# Large piece of the Month



## K R Y (Nov 19, 2007)

Lets see how many people we can get for this  

100k credits to the winner.


Competition Guidelines:

Participants: Hopefully above 5 minimum
Theme: Freestyle
Size: Minimum 500X500
User Insignia: Not Required
Due Date: 6th Feb 2010

Do absolutely anything you want to display your PS skills. One month entry time should be long enough


----------



## M.C (Jul 5, 2008)

I'm not sure if I'd join up or not, but it's a great idea and I think people would have fun with it.

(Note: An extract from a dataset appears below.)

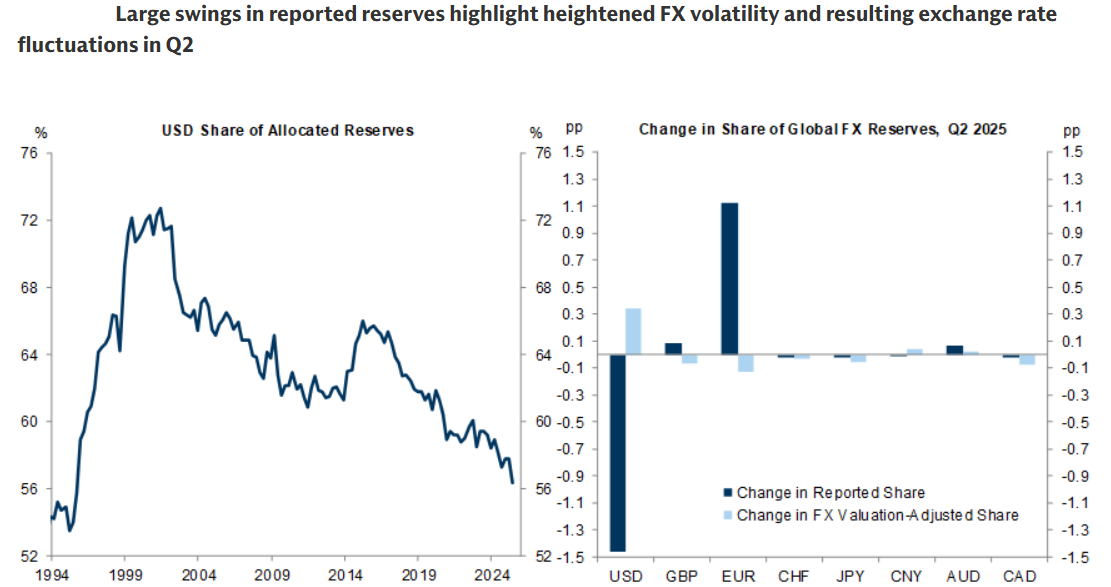 Currency movements explain 92 percent of the reduction of the dollar’s share during the three months through June.

I'll put in 500k creds to the winner and 100k for the second place guy if this thing gets going and many guys show up.


----------



## Toxic (Mar 1, 2007)

Sure why not.


----------



## N1™ (Apr 8, 2007)

im in


----------



## D.P. (Oct 8, 2008)

I would love to join, but unfortunately, my mac is getting repaired and I don't have PS on this pc.  (This also explains why I have those toons in my sig instead of something good for my team)


----------



## TraMaI (Dec 10, 2007)

So I can do like, a desktop wallpaper? If so I'm totally game. Wallpapers are what I usually do lol.


----------



## K R Y (Nov 19, 2007)

Yup. Only limit size wise is it can't be smaller than 500X500.

Wallpaper away sir!

Gutted D.P  How long till your Books repaired??


----------



## D.P. (Oct 8, 2008)

Sorry Kryo, it won't be for a while actually. I'll be M.I.A all of next week and it should be done after that.


----------



## N1™ (Apr 8, 2007)

..........


----------



## D.P. (Oct 8, 2008)

Nice...but why are you in yellow?? ^^


----------



## Intermission (Oct 1, 2009)

Im going to try to learn some new things. Does it have to be MMA related?


----------



## K R Y (Nov 19, 2007)

No. The theme is 'freestyle'. Do anything.


----------



## Toxic (Mar 1, 2007)

here is my entry


----------



## K R Y (Nov 19, 2007)

Stock used - Background textures, splatter brushes and the fish outline is from a render I found.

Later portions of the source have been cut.